▸ **THE DATA**:
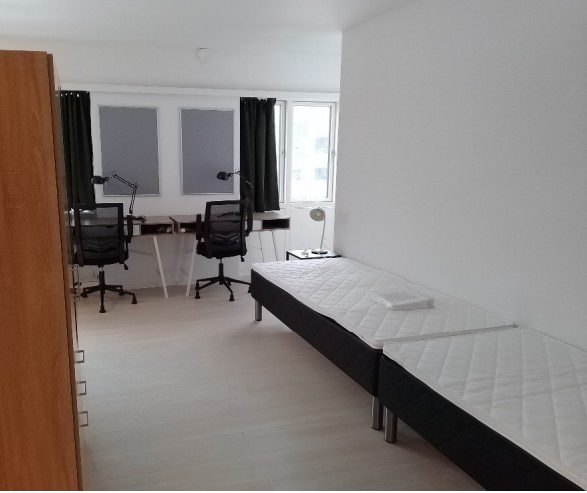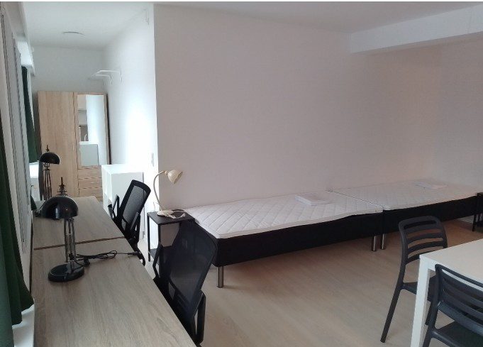 Mid-sized student dormitory with 82 studio rooms and a communal kitchen. We have reserved 15 single rooms, and 1 family apartment.
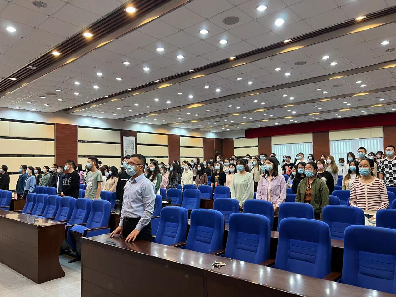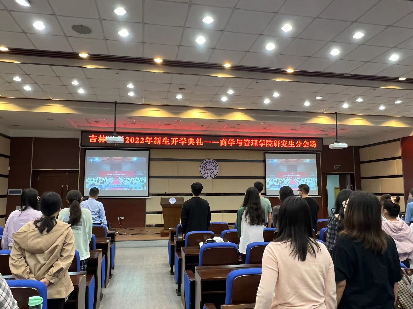 2022年9月15日上午8点,2022年新生开学典礼在中心校区宋治平体育馆举行,伟德官网院组织2022级研究生在开学典礼分会场东荣大厦B310会议室观看开学典礼线上直播。商学与管理公司党委副书记马腾,研究生辅导员甄宓以及全体2022级研究生新生参与此次开学典礼。
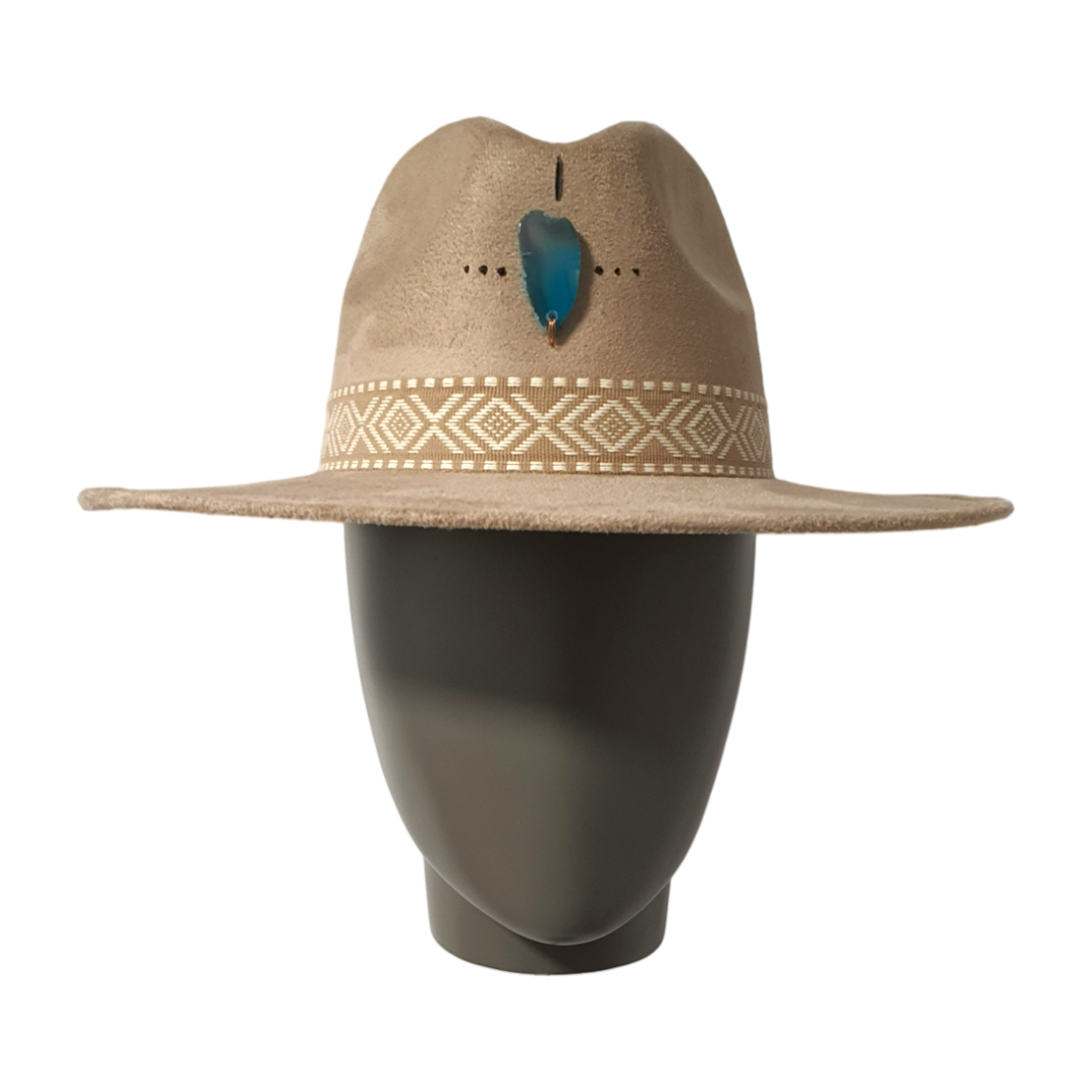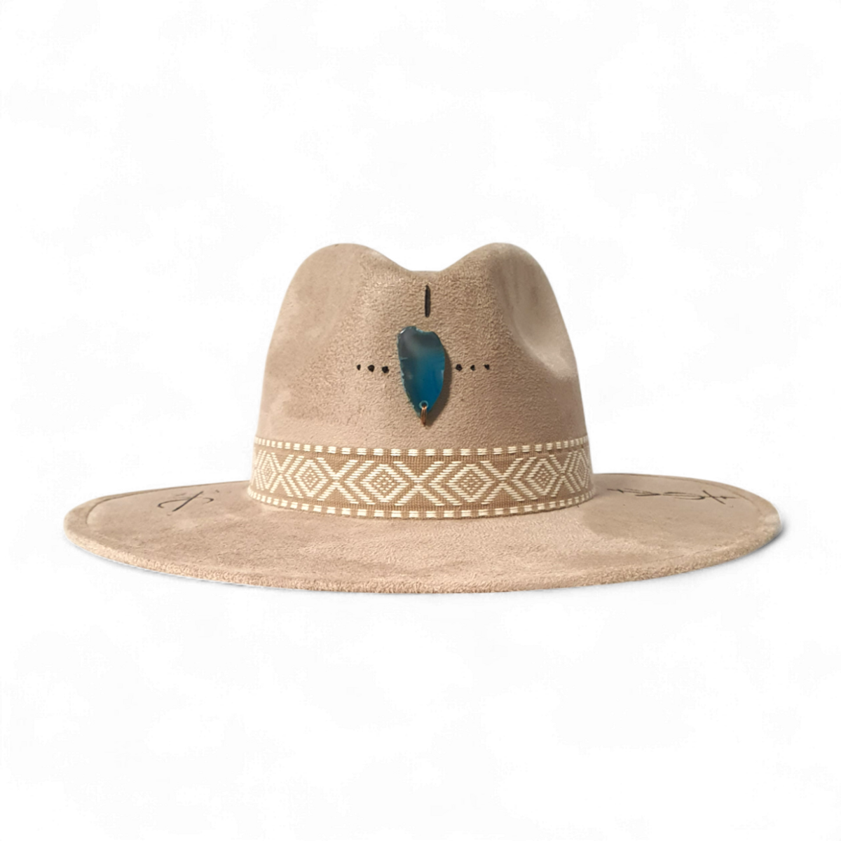 这款现代风格的经典软呢帽,采用柔软的米色绒面织物制成。独特的设计点缀着天然石英石,并配有精细的手绘烧画工艺,使每顶帽子都成为独一无二的个性配饰。手工艺与大胆设计的结合,打造出现代艺术感的轮廓——非常适合欣赏独特且富有表现力风格的人士。

▸ **DESCRIPTION OF THE TASK**:
What the answer needs is every line from the one with "2022年9月15日上午8点" through the last line of the data, reproduced word for word and with pictures omitted.

▸ **ANSWER TO THE EXERCISE**:
 2022年9月15日上午8点,2022年新生开学典礼在中心校区宋治平体育馆举行,伟德官网院组织2022级研究生在开学典礼分会场东荣大厦B310会议室观看开学典礼线上直播。商学与管理公司党委副书记马腾,研究生辅导员甄宓以及全体2022级研究生新生参与此次开学典礼。
 这款现代风格的经典软呢帽,采用柔软的米色绒面织物制成。独特的设计点缀着天然石英石,并配有精细的手绘烧画工艺,使每顶帽子都成为独一无二的个性配饰。手工艺与大胆设计的结合,打造出现代艺术感的轮廓——非常适合欣赏独特且富有表现力风格的人士。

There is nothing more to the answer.